Longtemps restés dans l’ombre malgré leur rôle essentiel sur le terrain, les agents communautaires (AC) de santé pourraient bientôt bénéficier d’un véritable statut et d’un appui durable de l’Etat. Cette semaine, un atelier stratégique consacré à l’encadrement de ces acteurs de première ligne s’est tenu après les échanges de l’Assemblée mondiale de la santé organisée récemment à Genève (Suisse).
Présents jusque dans les zones les plus enclavées, les AC assurent au quotidien des missions cruciales : sensibilisation sanitaire, suivi des mères et des enfants, conseils de prévention ou encore premiers soins en cas d’urgence. Dans plusieurs localités rurales, ils constituent souvent le premier recours des habitants face à la maladie.
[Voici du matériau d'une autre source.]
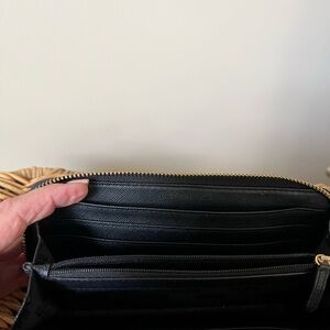 Stylish black patent leather wallet with gold studs. Features Michael Kors logo design. In excellent condition.
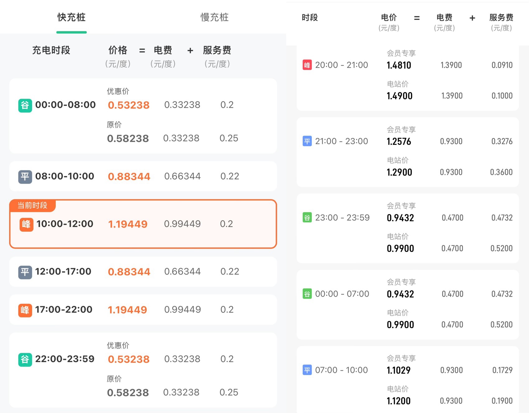 不同充电品牌的峰谷电时间不同。

Jusqu’ici, ces hommes et femmes accomplissent pourtant leur mission de manière bénévole. Formés aux soins de base et à la prise en charge des maladies courantes, ils travaillent essentiellement par engagement communautaire, malgré des conditions souvent précaires.
Un maillon indispensable du système de santé
Considérés comme des piliers de la santé publique de proximité, les AC jouent un rôle déterminant dans la prévention des complications médicales et le rapprochement des services de santé auprès des populations éloignées des centres médicaux.
Face à cette réalité, les autorités entendent désormais renforcer leur cadre de travail. Les discussions portent notamment sur l’instauration d’un soutien financier régulier afin de valoriser leur engagement et garantir une meilleure stabilité dans leurs missions. Cette revendication est actuellement intégrée aux réflexions autour de la révision du budget de l’Etat.
L’atelier a réuni plusieurs acteurs du secteur sanitaire ainsi que des représentants institutionnels engagés dans la réforme du système de santé de base. Une initiative qui marque une nouvelle étape vers la reconnaissance officielle de ces acteurs longtemps considérés comme les oubliés de la santé publique.